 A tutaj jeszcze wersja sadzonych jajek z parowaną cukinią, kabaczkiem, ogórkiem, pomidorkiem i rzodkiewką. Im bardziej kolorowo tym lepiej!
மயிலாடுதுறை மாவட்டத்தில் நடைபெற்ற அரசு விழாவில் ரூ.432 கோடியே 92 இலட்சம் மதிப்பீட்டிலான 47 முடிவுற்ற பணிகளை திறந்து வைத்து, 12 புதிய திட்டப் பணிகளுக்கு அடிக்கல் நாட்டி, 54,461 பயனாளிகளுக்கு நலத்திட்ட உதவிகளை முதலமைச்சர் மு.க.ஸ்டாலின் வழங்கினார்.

_ _ _ _ _ _ _

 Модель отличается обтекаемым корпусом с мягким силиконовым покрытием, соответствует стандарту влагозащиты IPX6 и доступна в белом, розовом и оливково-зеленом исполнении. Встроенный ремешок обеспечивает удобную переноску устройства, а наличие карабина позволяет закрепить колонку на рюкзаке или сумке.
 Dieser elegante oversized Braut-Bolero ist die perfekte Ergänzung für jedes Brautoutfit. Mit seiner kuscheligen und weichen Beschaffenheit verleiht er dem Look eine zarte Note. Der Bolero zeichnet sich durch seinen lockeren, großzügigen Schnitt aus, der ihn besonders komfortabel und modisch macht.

_ _ _ _ _ _ _

▸ Requirement:
Set down again, word for word, the stretch of records from the line with "A tutaj jeszcze" to the line with "மயிலாடுதுறை மாவட்டத்தில் நடைபெற்ற", both of those lines included.

▸ Solution to the exercise:
 A tutaj jeszcze wersja sadzonych jajek z parowaną cukinią, kabaczkiem, ogórkiem, pomidorkiem i rzodkiewką. Im bardziej kolorowo tym lepiej!
மயிலாடுதுறை மாவட்டத்தில் நடைபெற்ற அரசு விழாவில் ரூ.432 கோடியே 92 இலட்சம் மதிப்பீட்டிலான 47 முடிவுற்ற பணிகளை திறந்து வைத்து, 12 புதிய திட்டப் பணிகளுக்கு அடிக்கல் நாட்டி, 54,461 பயனாளிகளுக்கு நலத்திட்ட உதவிகளை முதலமைச்சர் மு.க.ஸ்டாலின் வழங்கினார்.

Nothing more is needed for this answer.